What you need to do: Below is a listing; print exactly its lines from the one containing "This elegant pear" down to the one containing "INAnews.co.id, Depok –", both inclusive, with every picture left out.

** Opening Records supplied block **

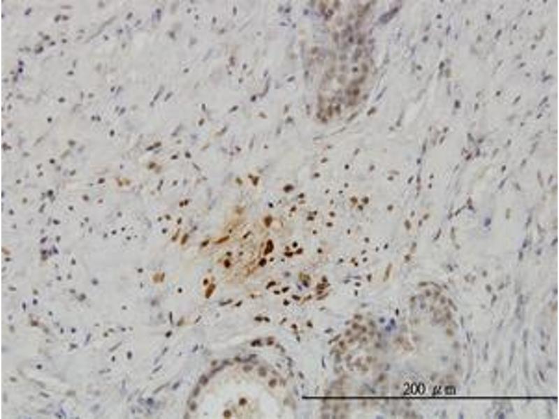 Usage: Immunohistochemistry: Formalin-fixed paraffin-embedded sections. Sandwich ELISA: Recombinant protein. Western Blot: Transfected lysate, Recombinant protein.
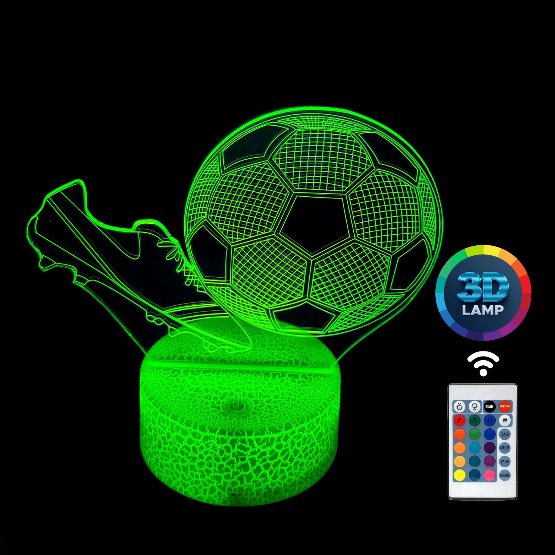 Lampka nocna 3D LAMP LED świeci w 16 kolorach (obsługa pilotem), 7 kolorach przy użyciu guzika na bazie (jest to lampka najnowszej generacji). Lampka LED może świecić w jednym stałym, wybranym kolorze (zależnie od Twojego wyboru) lub w trybie zmiennym (zmieniające się odcienie delikatnie lub pulsująco). Lampka się nie nagrzewa, istnieje możlwość ustawienia natężenia oświetlenia (rozjaśnianie i przyciemnianie – pierwsze dwa guziki po lewej na pilocie).
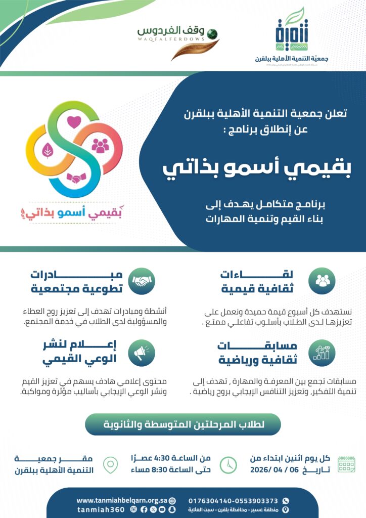 برنامج بقيمي أسمو بذاتي بدعم من وقف الفردوس / البرامج الشبابية, البرامج والأنشطة / بواسطة فريق التحرير
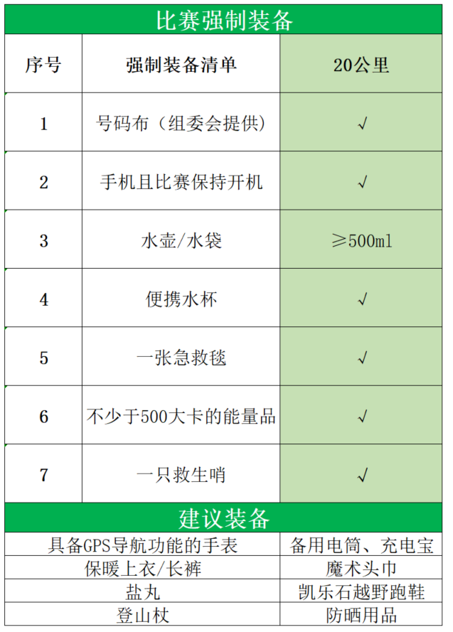 注:手机是组委会与选手在紧急情况下互相通联的保障,也是选手在迷路、确认当下所处位置、查看官方轨迹的有效工具,选手需预估自己手机的耗电情况,随身携带足量的充电宝确保手机全程可用。
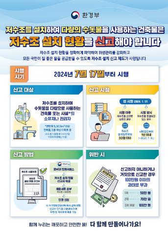 또한, 법 시행 당시 저수조를 운영 중인 해당 건축물의 소유자나 관리자도 시행일로부터 1년 이내(2025.07.16.까지)에 저수조 설치 현황을 신고해야 한다.
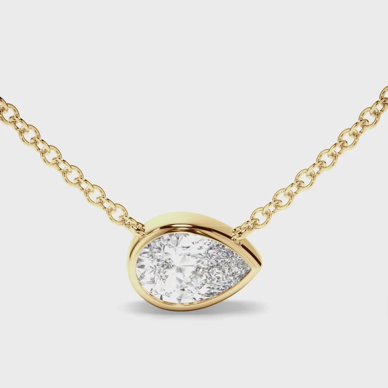 This elegant pear cut diamond necklet, made with your choice of diamond centre stone, features an East West bezel setting and includes a 45cm 18ct gold chain. Exuding fluidity in its line work, and boasting an elegant silhouette, as with all the pieces in our Bespoke Collection, this piece is made especially for you. Pictured here with a 1.50ct Pear Cut Diamond centre stone, a final price is determined following your centre stone selection.
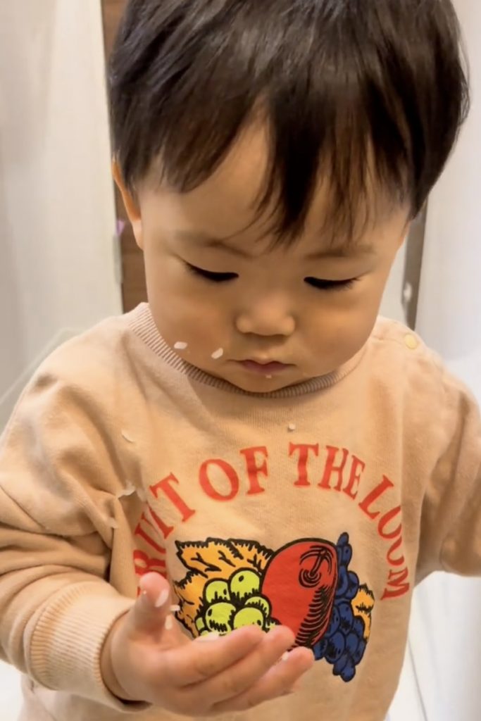 「炊飯器のご飯、食い散らかしてた(笑)」顔や服にご飯粒がたくさんついている1歳のりつくん。ママが家事をしている隙に、炊飯器にあった残りご飯を全部食べてしまったそう。「お米食べたでしょ?」と尋ねるママに、りつくんの反応は…!?
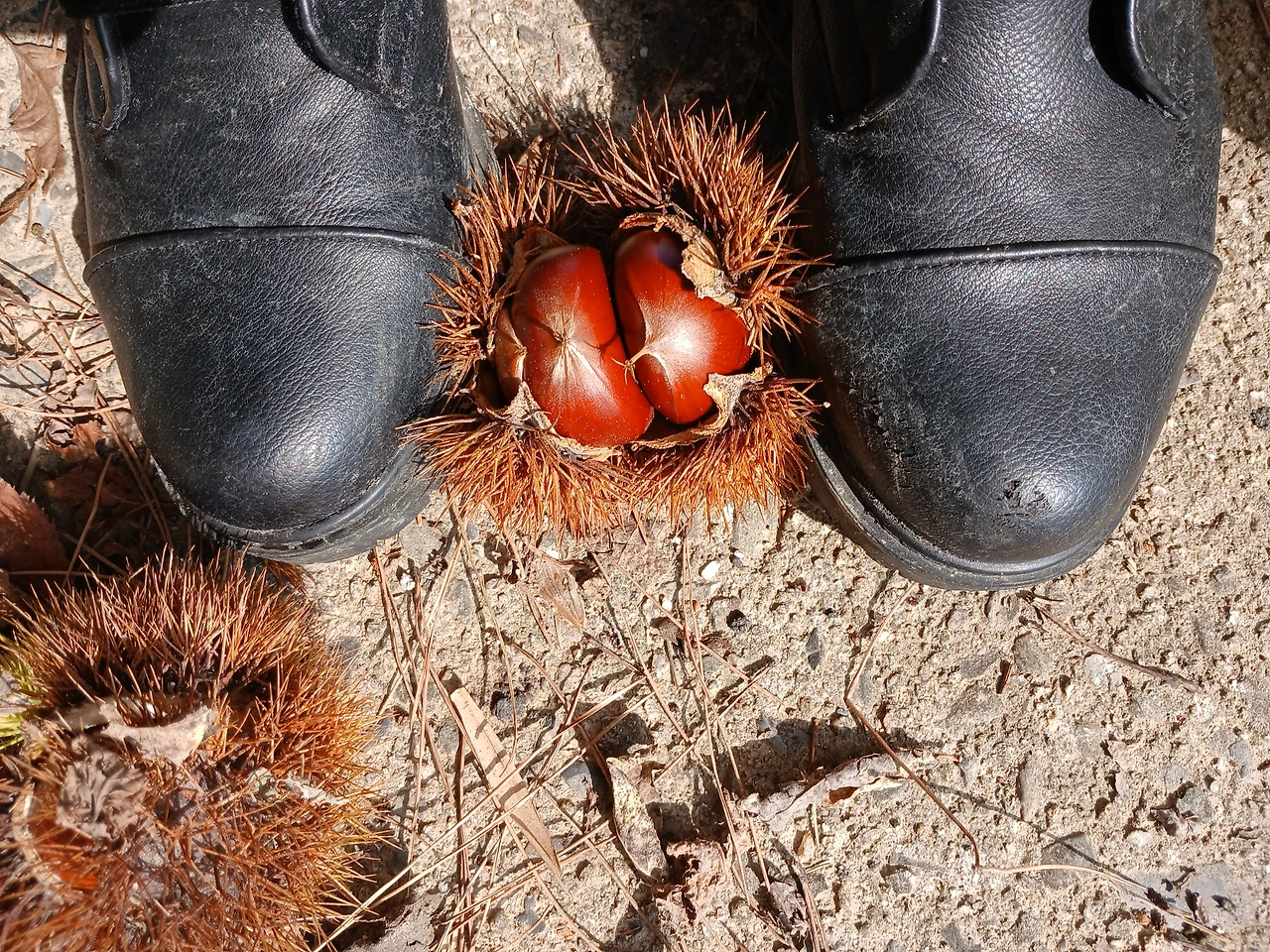 등산화와 워커 중 살짝 고민하다 워커를 신었는데 워커를 신고 오길 잘했습니다. 가시 가득한 밤송이를 두 발로 벌려주면 예쁜 밤이 뽀드득 얼굴을 내밉니다. 그럼 집게로 살짝 집어 가방에 쏙 넣습니다.
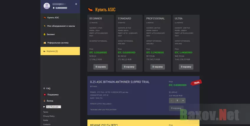 Если вы успешно пополнили счет, отправляйтесь в раздел «Купить ASIC». Там добавьте понравившееся майнинг-оборудование в корзину и оплатите его. После успешной покупке вам придут документы на товар, и вы начнете зарабатывать от 5 долларов в день.
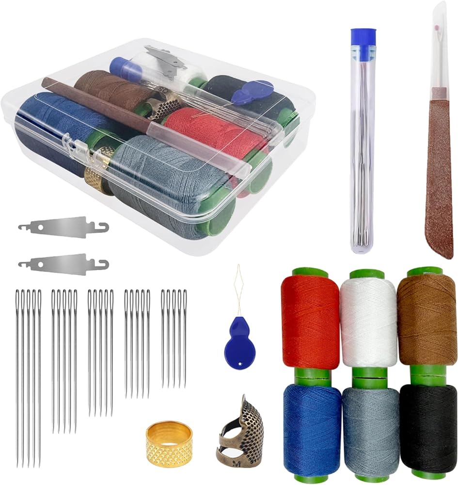 Big Eye Steel Sewing Needles Kit: Big eye steel needle set is a practical home sewing kit suitable for everyday garment repairs, DIY fabric crafts, embroidery, and more. Stainless steel sewing needle kit includes a transparent storage case containing 25 steel needles in 5 different sizes, 6 spools of sewing thread in assorted colors, 2 different thimbles, 3 needle threaders, and a seam ripper. This sewing kit for beginners is user-friendly, fully equipped, and simple to use
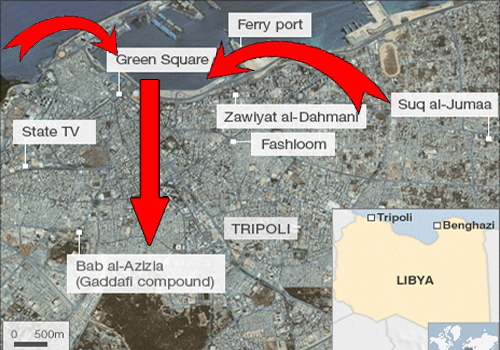 Αμέσως μετά την κατάληψη της Πράσινης Πλατείας τις πρώτες πρωινές ώρες οι αντικαθεστωτικοί ξεκίνησαν την προσεκτική πορεία τους προς το συγκρότημα κατοικιών του Μουάμαρ Καντάφι.
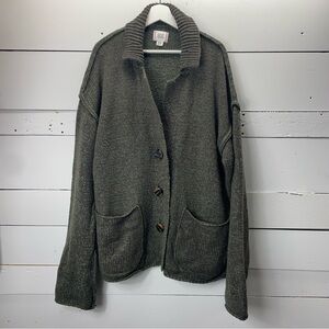 BDG Button Front Cardigan Oversized Chunky Knit in Green/Brown Size Medium
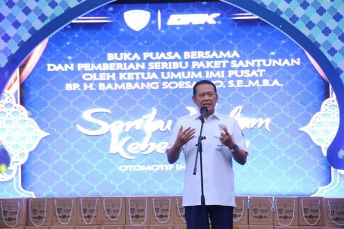 INAnews.co.id, Depok – Ketua MPR RI sekaligus Ketua Umum Ikatan Motor Indonesia (IMI) Bambang Soesatyo bersama Founder CRK Corporation Chandra Kurniawan menyalurkan paket santunan kepada seribu anak yatim, dalam acara Seribu Malam Keberkahan Otomotif Indonesia. Sebagai bagian mengisi bulan suci Ramadhan, perayaan HUT ke-116 IMI, serta HUT ke-34 Co-Founder CRK Corporation yang merupakan istri Chandra Kurniawan, Kuntum Raisa.
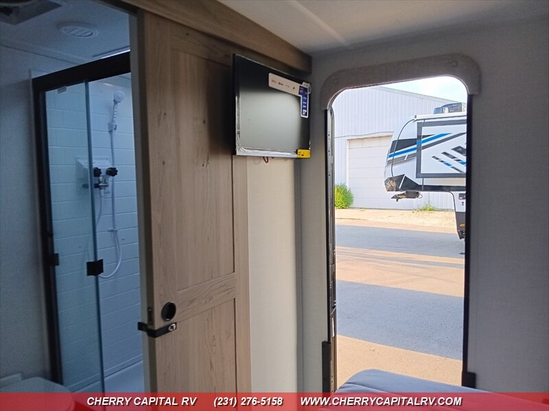 In the rear, the private bedroom includes its own exterior entry door and an additional television installation. The dual-entry design improves accessibility and allows guests or family members to move between spaces without crossing the entire coach.
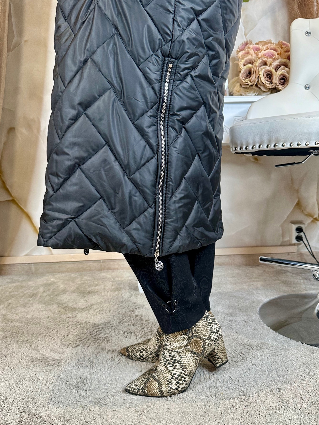2024.10.20.Fekete hosszú kabát mellén kristályos zsebbel, oldalán felzippelhető (52-58)
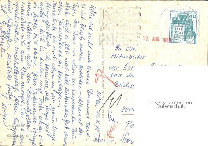 72263151 alte Postkarte Koeln Rhein Dom Fliegeraufnahme postalisch gelaufen Erhaltung siehe scans KatCode: 11110005315000
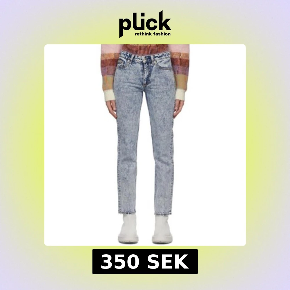 Säljer ett par ljusblå jeans från Eytys i modellen Cypress regular straight som ej säljs längre. Storlek 28/32 men sitter snarare som 27 eller stora 26:or. Jeansen har signifikant märke på baksidan av fickorna, se bild. Säljes då de är för små för mig, endast provade och med prislapp kvar. Skulle säga att de påminner om Levis 501 eller liknande i modellen.
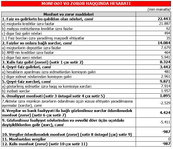 Müqayisə üçün qeyd edək ki, 2022-ci ilin 9 ayı ərzində "Bank BTB"nin əməliyyat mənfəəti 129 min manat təşkil etmişdi və aktivlər üzrə mümkün zərərlərin ödənilməsi üçün xüsusi ehtiyatın yaradılmasına 5 milyon 872 min manat ayırmışdı. Beləliklə, "Bank BTB"nin əməliyyat mənfəəti 2023-cü ilin 9 ayında ötən ilin eyni dğvrü ilə müqayisədə 14,7 dəfə artıb.
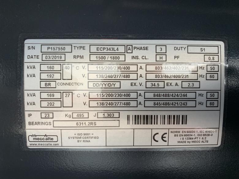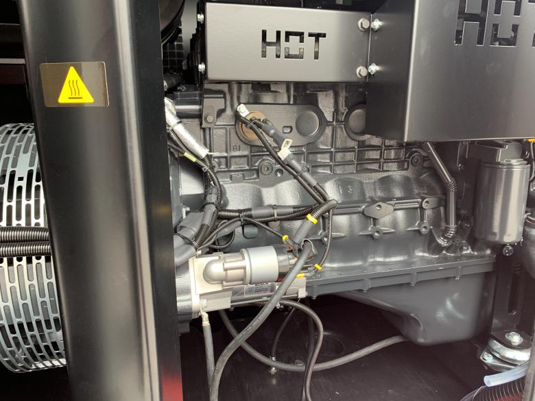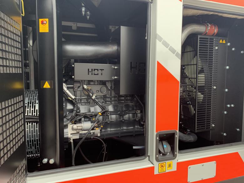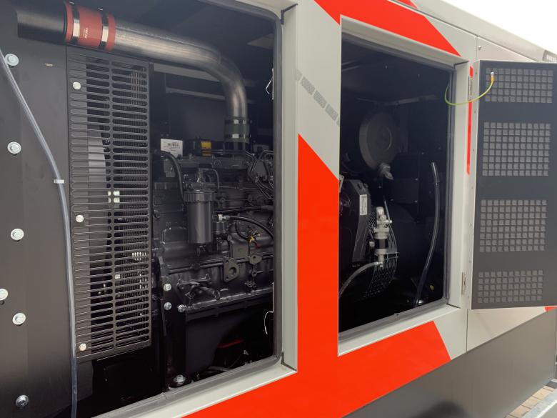 Diesel-Drehstrom-Aggregat mit einem FPT Iveco Motor, eingebaut in einer Schall- u. Wetterschutzhaube (Pulverbeschichtet in RAL 7035) mit seitlichen Wartungstüren.
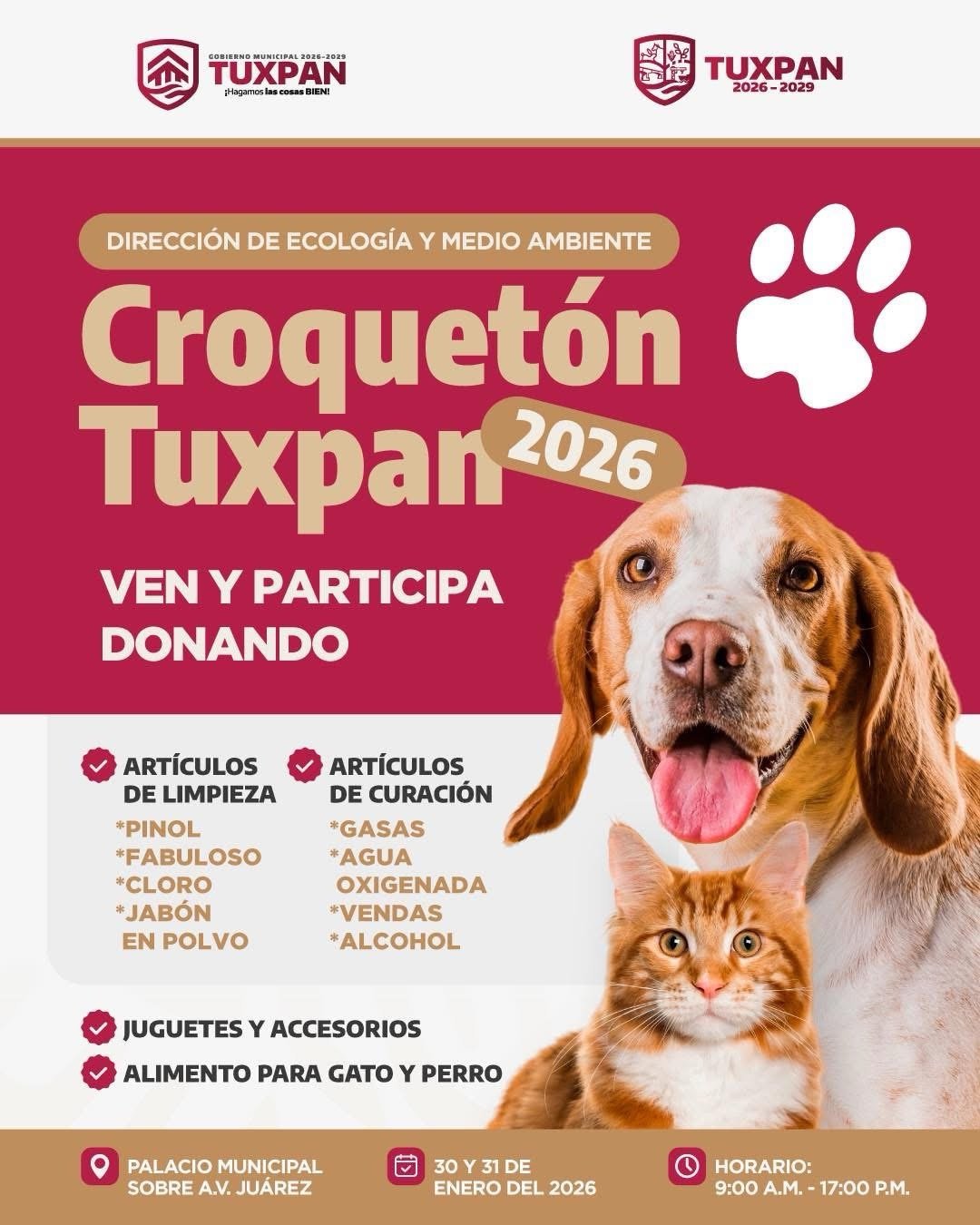 Tuxpan, Ver.- La Dirección de Ecología y Medio Ambiente del Ayuntamiento de Tuxpan lanzó la invitación oficial al Croquetón Tuxpan 2026, una iniciativa solidaria que tiene como propósito reunir insumos para mejorar la atención y el bienestar de perros y gatos que requieren apoyo.

** Closing Records supplied block **

Reply to the task:
 This elegant pear cut diamond necklet, made with your choice of diamond centre stone, features an East West bezel setting and includes a 45cm 18ct gold chain. Exuding fluidity in its line work, and boasting an elegant silhouette, as with all the pieces in our Bespoke Collection, this piece is made especially for you. Pictured here with a 1.50ct Pear Cut Diamond centre stone, a final price is determined following your centre stone selection.
 「炊飯器のご飯、食い散らかしてた(笑)」顔や服にご飯粒がたくさんついている1歳のりつくん。ママが家事をしている隙に、炊飯器にあった残りご飯を全部食べてしまったそう。「お米食べたでしょ?」と尋ねるママに、りつくんの反応は…!?
 등산화와 워커 중 살짝 고민하다 워커를 신었는데 워커를 신고 오길 잘했습니다. 가시 가득한 밤송이를 두 발로 벌려주면 예쁜 밤이 뽀드득 얼굴을 내밉니다. 그럼 집게로 살짝 집어 가방에 쏙 넣습니다.
 Если вы успешно пополнили счет, отправляйтесь в раздел «Купить ASIC». Там добавьте понравившееся майнинг-оборудование в корзину и оплатите его. После успешной покупке вам придут документы на товар, и вы начнете зарабатывать от 5 долларов в день.
 Big Eye Steel Sewing Needles Kit: Big eye steel needle set is a practical home sewing kit suitable for everyday garment repairs, DIY fabric crafts, embroidery, and more. Stainless steel sewing needle kit includes a transparent storage case containing 25 steel needles in 5 different sizes, 6 spools of sewing thread in assorted colors, 2 different thimbles, 3 needle threaders, and a seam ripper. This sewing kit for beginners is user-friendly, fully equipped, and simple to use
 Αμέσως μετά την κατάληψη της Πράσινης Πλατείας τις πρώτες πρωινές ώρες οι αντικαθεστωτικοί ξεκίνησαν την προσεκτική πορεία τους προς το συγκρότημα κατοικιών του Μουάμαρ Καντάφι.
 BDG Button Front Cardigan Oversized Chunky Knit in Green/Brown Size Medium
 INAnews.co.id, Depok – Ketua MPR RI sekaligus Ketua Umum Ikatan Motor Indonesia (IMI) Bambang Soesatyo bersama Founder CRK Corporation Chandra Kurniawan menyalurkan paket santunan kepada seribu anak yatim, dalam acara Seribu Malam Keberkahan Otomotif Indonesia. Sebagai bagian mengisi bulan suci Ramadhan, perayaan HUT ke-116 IMI, serta HUT ke-34 Co-Founder CRK Corporation yang merupakan istri Chandra Kurniawan, Kuntum Raisa.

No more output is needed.